Monday, 2 April 2012

Discovery of protein that can cause fat tissue to burn calories gives hope to the morbidly obese

A group of researchers from University of California, San Francisco (UCSA) have stumbled upon a peculiar protein that alters the form of fat tissues (Bardi 2012). This protein was first discovered in mice but it also exists in humans as well. This protein is called PRDM16 and it activates a process that coverts energy storing white adipose tissue (WAT) to exergonic brown adipose tissue (BAT).

While the exact process of this conversion is still unknown, it appears that PPARγ ligand drugs that undergo full agonisation like the anti-diabetic drug Rosiglitazone are able to consolidate levels of PRDM16. Through stabilising and accumulating of PRDM16, fat tissues in mice are observed to be ‘brown’. This means the WAT are somehow induced into BAT based on the levels of PRDM16. Extending this concept to humans, this could possibly forge new ground in obesity drugs.

At present, drugs like Xenical and alli (Hensrud 2012) inhibit the function of lipase – the enzyme in our small intestine that breaks down fat in the digestive tract, to reduce the uptake of fat by the body and eventually cutting down the overall calorie absorption by the body. With the discovery of PRDM16, further studies can be done to identify other sources that can facilitate this protein and possibly improve the rate of calorie consumption. This could possibly revolutionise the idea of weight loss by coupling burning calories and a healthy diet as opposed to strictly restricting intake.
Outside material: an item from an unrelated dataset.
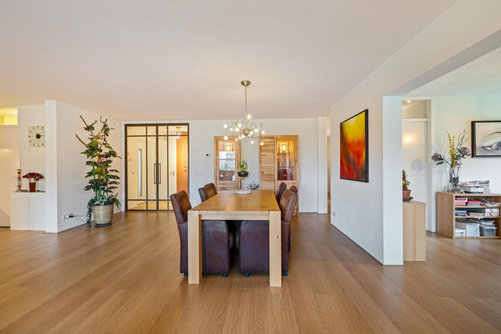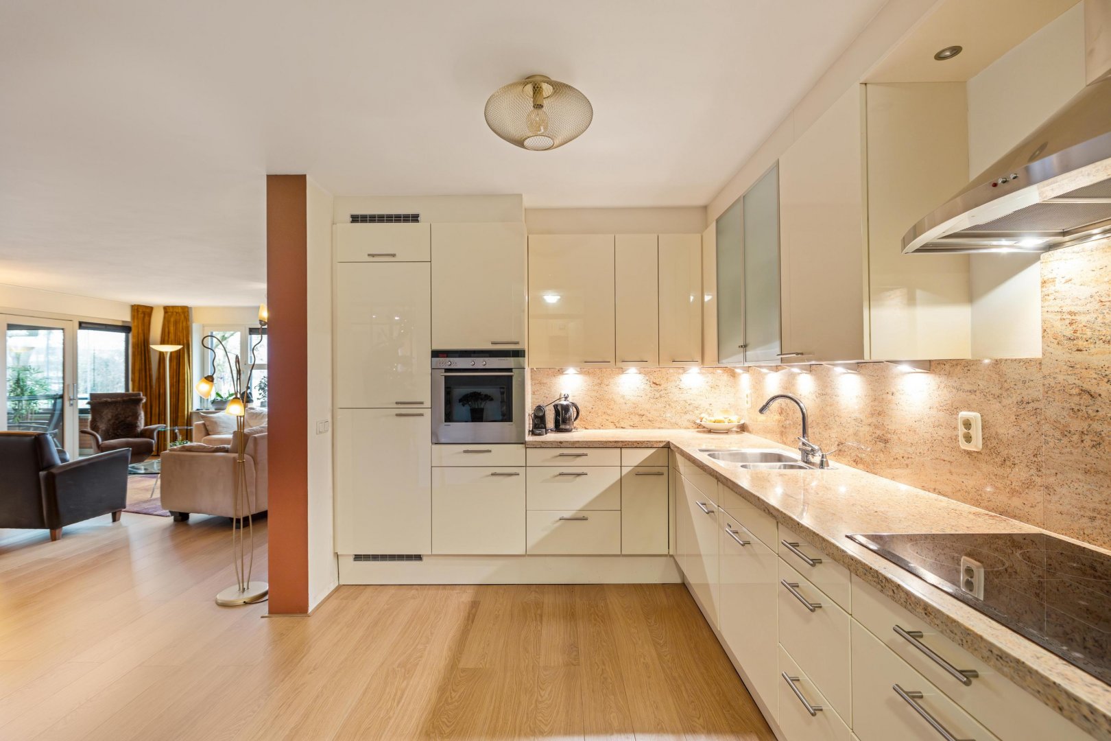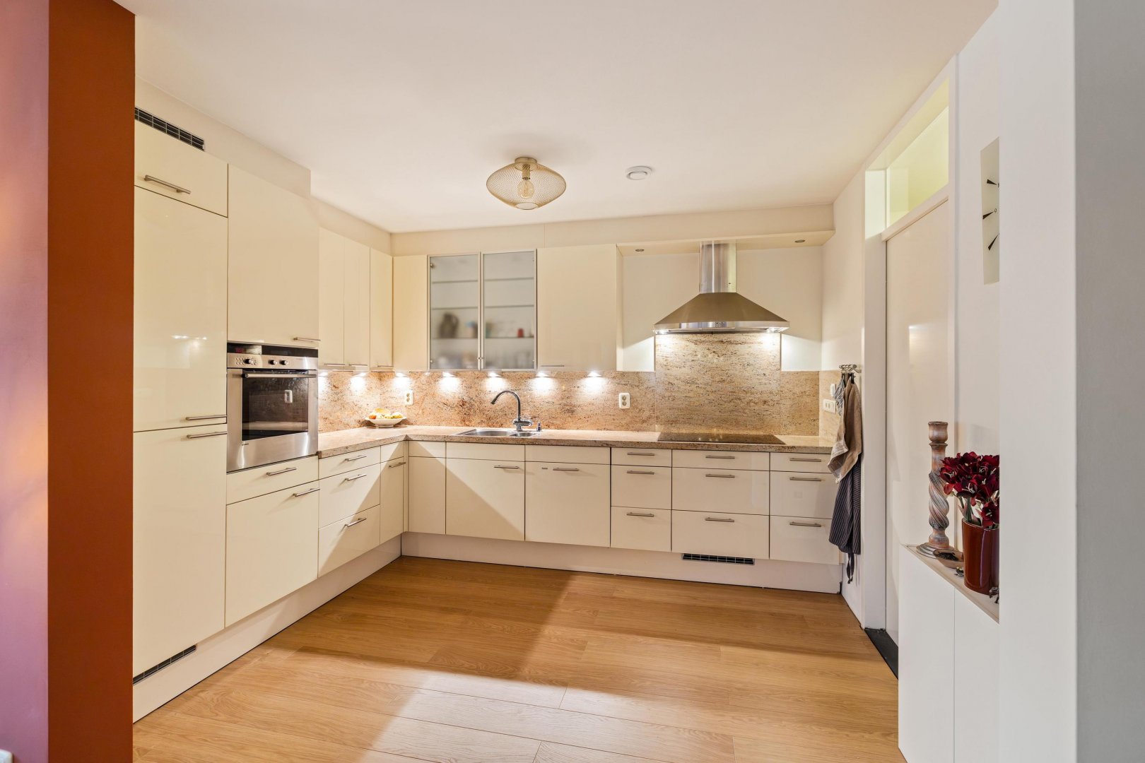 Entree met toilet en garderobenis. Zeer ruime woonkamer met veel lichtinval en toegang tot het terras. De semi-open Siematic keuken is voorzien van inbouwapparatuur, waaronder een koelkast, vaatwasser, inductiekookplaat, combi-oven en afzuigkap. De woonkamer – keuken zijn gezamenlijk 65 m2. Aangrenzend bevindt zich de bijkeuken met extra werkblad en aansluitingen voor wasmachine, droger en de CV-combiketel.

You might be wondering where brown fat comes from! Enerbäck (2010) postulated that brown adipose tissue or brown fat came from our mammalian ancestors when they were trying to maintain a constant body temperature during the harsh winters. Brown fat contains large amounts of mitochondria that would explain its ability to generate heat by consuming energy. 

Figure 1: Brown adipose tissue
Source: ScienceDaily 2012 [Available at]

Another interesting discovery by Vijgen et al. (2011) is that the amount of BAT in the human body is inversely proportional to chance of obesity. This simply means that higher brown fat levels will decrease the chance of obesity. While BAT is much more prevalent in new-born babies than adults, the discovery of the correlation of PRDM16 and BAT would allow us to possibly control the amount of BAT present in the body and reduce the occurrence of obesity.

In conclusion, while it is not certain when this ‘browning’ process of fat tissues or the effects of Rosiglitazone on PRDM16 in humans will be fully discovered, there is definitely a direction for future researchers with regards to tackling levels of obesity and brings hope to many people suffering from obesity who might want to effect a change in their lives.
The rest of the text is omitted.